Don’t be Limited by Noisy Relationships

I recently made the painful decision to pull away from someone who has been one of my closest friends. This person did something extremely dishonest and unloving and, although the love is still there, the trust is gone. Even though I miss the friendship I know this is the right decision.

The whole situation proves, once again, that relationships are our most profound classrooms. Now that I’ve gained some distance I can see what a terribly noisy relationship this was. What I mean by that is that this person always has a lot of drama swirling around her and, against my norm, I allowed myself to get wrapped up in it. The uncomfortable truth is that she fed my ego and vice versa. I have no doubt that there is genuine love between us, but there is also no doubt that out relationship wasn’t completely healthy. I knew I was acting unwisely when I put myself into a position of dependency on her but I did it anyway. And I paid for it. And it hurt in more ways than one.

Now that the noise has quieted the most amazing thing is happening. Into that void is flowing the voice of Spirit. I am hearing my own Higher Self, far more directly and more often. The plain truth is no other person can ever fill our need to develop a deep, honest relationship with ourselves.

Noisy, co-dependent relationships keep us identified with voices and opinions of ourselves that are not really ours. They are just an attempt by our small, ego self to distract us from our True Self, in all it’s magnificence.

Today, I respect myself enough to prioritize my inner relationship. Today I am listening to, and valuing, me.
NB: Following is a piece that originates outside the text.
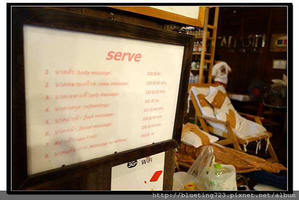 安帕瓦的腳底按摩店,下午五點前通常不用排隊,有時只有小貓兩三隻,五點後幾乎是滿場,有時遇到團客包場,甚至要等半小時以上。我大概五點半到,接待的人說要等20分鐘,費用很便宜,45分鐘的腳底按摩150泰銖,其他還有身體與臉部按摩可選擇,大多數的人都是選腳底按摩。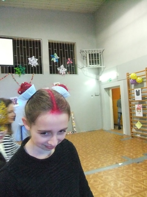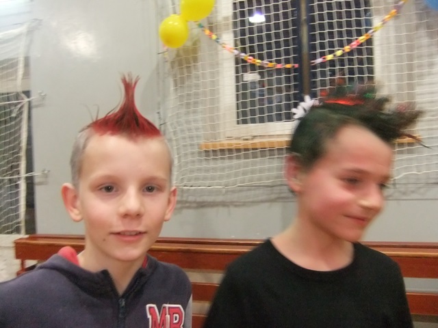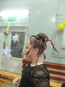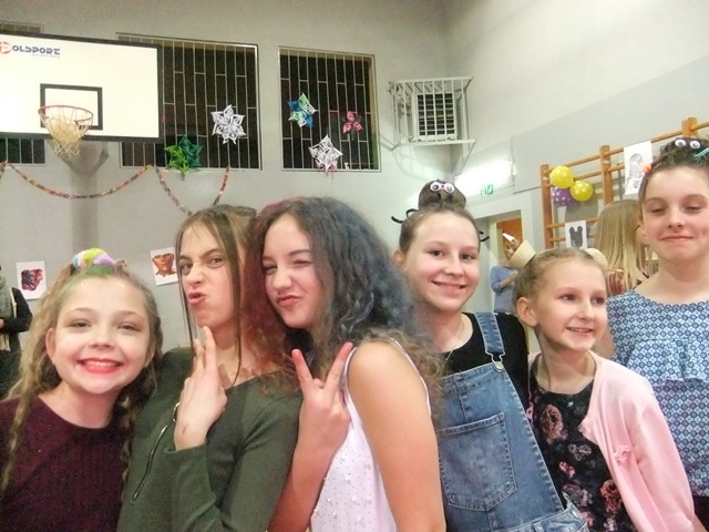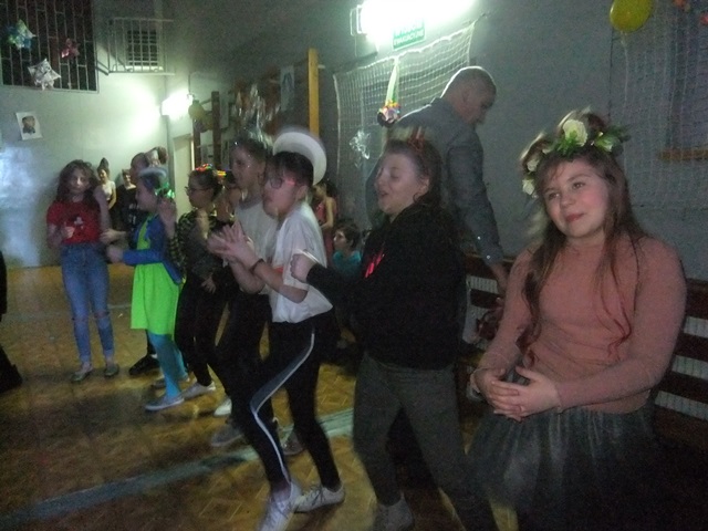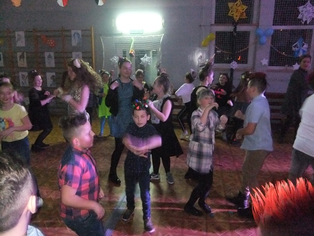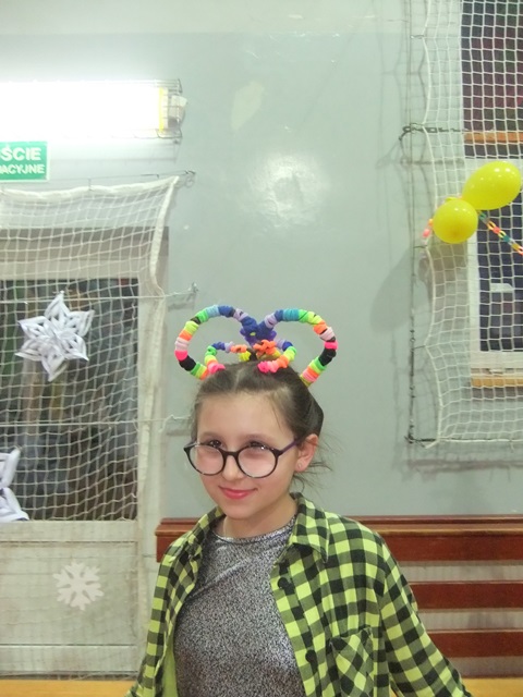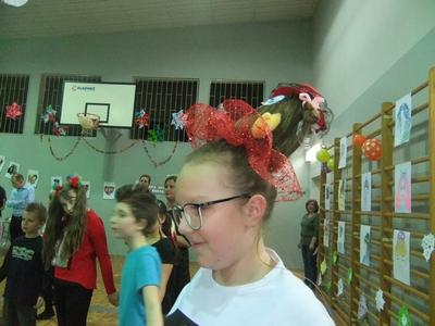 W środę, 6 lutego, na naszych uczniów czekała pięknie ustrojona sala gimnastyczna. W pierwszej części udział wzięli uczniowie klas IV – V a w drugiej klasy VI – VIII. O odpowiedni klimat i dobrą zabawę dbał Pan Marcin grający najpopularniejsze hity. Nie mogło zabraknąć wspólnego tańca makareny, kaczuszek, belgijki czy długiego pociągu. Dodatkową atrakcją były konkursy i zabawy, przygotowane przez Panią Anitę prowadzącą bal, które dostarczyły mnóstwo radości. Uczniowie nie zawiedli w swej pomysłowości na wykonanie szalonych fryzur. Jury miało trudny wybór, gdyż było wiele ciekawych fryzur. Wyłoniono 5 najciekawszych fryzur z grupy młodszej i starszej.

I am worthy of developing my whole self.

I am worthy.

Cylvia Hayes

#CylviaHayes  #Empowerment #ResiliencyMuscles


2 thoughts on “Don’t be Limited by Noisy Relationships

  • Wow. Well said. In the past, I was so confused by one person in particular who I had known since we were very young and I loved deeply and who I thought loved me yet, as time went on, she did/said hurtful (or, as you wrote, unloving) things to me. After a while, it felt abusive, and so, in anger, I abruptly cut off the relationship. I have learned from that painful experience, to lovingly detach and let go. While that was very difficult and heart-wrenching, it allowed room for healthy and loving friendships to enter my life which are life affirming and enriching. Thank you writing this post. It has helped me to further process and understand that important relationship.

    • Hi Michelle. So glad the post had some value for you. That certainly was an important relationship. Sometimes we have to shed the old to make room for new growth and new skin. Ideally, we can do so without anger and with forgiveness, but even when we miss that mark there is massive learning to be had in relationship ebbs and flows. All the very best to you.